[Data extract]
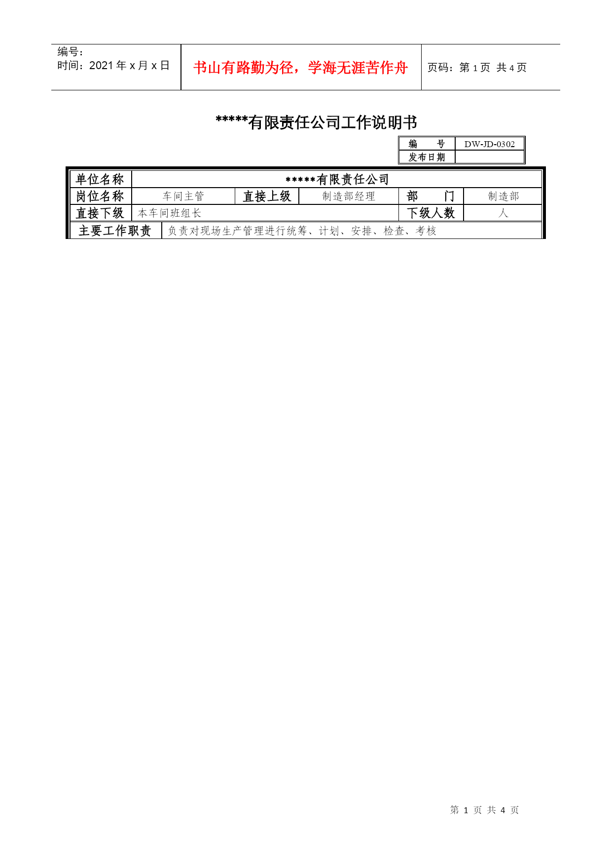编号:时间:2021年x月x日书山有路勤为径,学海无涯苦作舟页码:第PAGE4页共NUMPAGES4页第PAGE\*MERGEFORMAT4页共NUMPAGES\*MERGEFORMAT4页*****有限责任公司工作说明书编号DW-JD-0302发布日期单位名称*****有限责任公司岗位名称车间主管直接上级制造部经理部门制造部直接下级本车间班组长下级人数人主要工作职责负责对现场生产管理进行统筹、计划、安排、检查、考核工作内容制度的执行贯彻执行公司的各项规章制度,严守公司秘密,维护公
* * *
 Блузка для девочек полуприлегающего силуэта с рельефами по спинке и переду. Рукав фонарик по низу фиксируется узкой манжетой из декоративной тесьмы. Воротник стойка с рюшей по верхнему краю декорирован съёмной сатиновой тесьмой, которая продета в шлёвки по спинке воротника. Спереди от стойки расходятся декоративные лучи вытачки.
* * *
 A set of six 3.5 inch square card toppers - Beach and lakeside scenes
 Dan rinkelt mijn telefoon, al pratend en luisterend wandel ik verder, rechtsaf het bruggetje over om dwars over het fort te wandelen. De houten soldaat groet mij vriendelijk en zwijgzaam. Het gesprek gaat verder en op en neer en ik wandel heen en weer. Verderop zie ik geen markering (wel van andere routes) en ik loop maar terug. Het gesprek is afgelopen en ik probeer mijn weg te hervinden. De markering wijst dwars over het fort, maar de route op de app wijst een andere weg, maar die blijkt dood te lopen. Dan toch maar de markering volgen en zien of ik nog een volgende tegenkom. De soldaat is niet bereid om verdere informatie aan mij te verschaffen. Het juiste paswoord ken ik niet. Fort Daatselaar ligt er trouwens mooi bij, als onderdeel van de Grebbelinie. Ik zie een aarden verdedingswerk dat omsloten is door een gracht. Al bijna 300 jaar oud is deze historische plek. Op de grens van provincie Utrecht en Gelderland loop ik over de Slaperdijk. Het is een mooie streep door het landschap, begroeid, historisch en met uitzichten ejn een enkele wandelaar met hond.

[Your assignment] All that is wanted is the stretch of lines above from the one containing "A set of six" through the one containing "Dan rinkelt mijn", duplicated exactly.

[Completed exercise]
 A set of six 3.5 inch square card toppers - Beach and lakeside scenes
 Dan rinkelt mijn telefoon, al pratend en luisterend wandel ik verder, rechtsaf het bruggetje over om dwars over het fort te wandelen. De houten soldaat groet mij vriendelijk en zwijgzaam. Het gesprek gaat verder en op en neer en ik wandel heen en weer. Verderop zie ik geen markering (wel van andere routes) en ik loop maar terug. Het gesprek is afgelopen en ik probeer mijn weg te hervinden. De markering wijst dwars over het fort, maar de route op de app wijst een andere weg, maar die blijkt dood te lopen. Dan toch maar de markering volgen en zien of ik nog een volgende tegenkom. De soldaat is niet bereid om verdere informatie aan mij te verschaffen. Het juiste paswoord ken ik niet. Fort Daatselaar ligt er trouwens mooi bij, als onderdeel van de Grebbelinie. Ik zie een aarden verdedingswerk dat omsloten is door een gracht. Al bijna 300 jaar oud is deze historische plek. Op de grens van provincie Utrecht en Gelderland loop ik over de Slaperdijk. Het is een mooie streep door het landschap, begroeid, historisch en met uitzichten ejn een enkele wandelaar met hond.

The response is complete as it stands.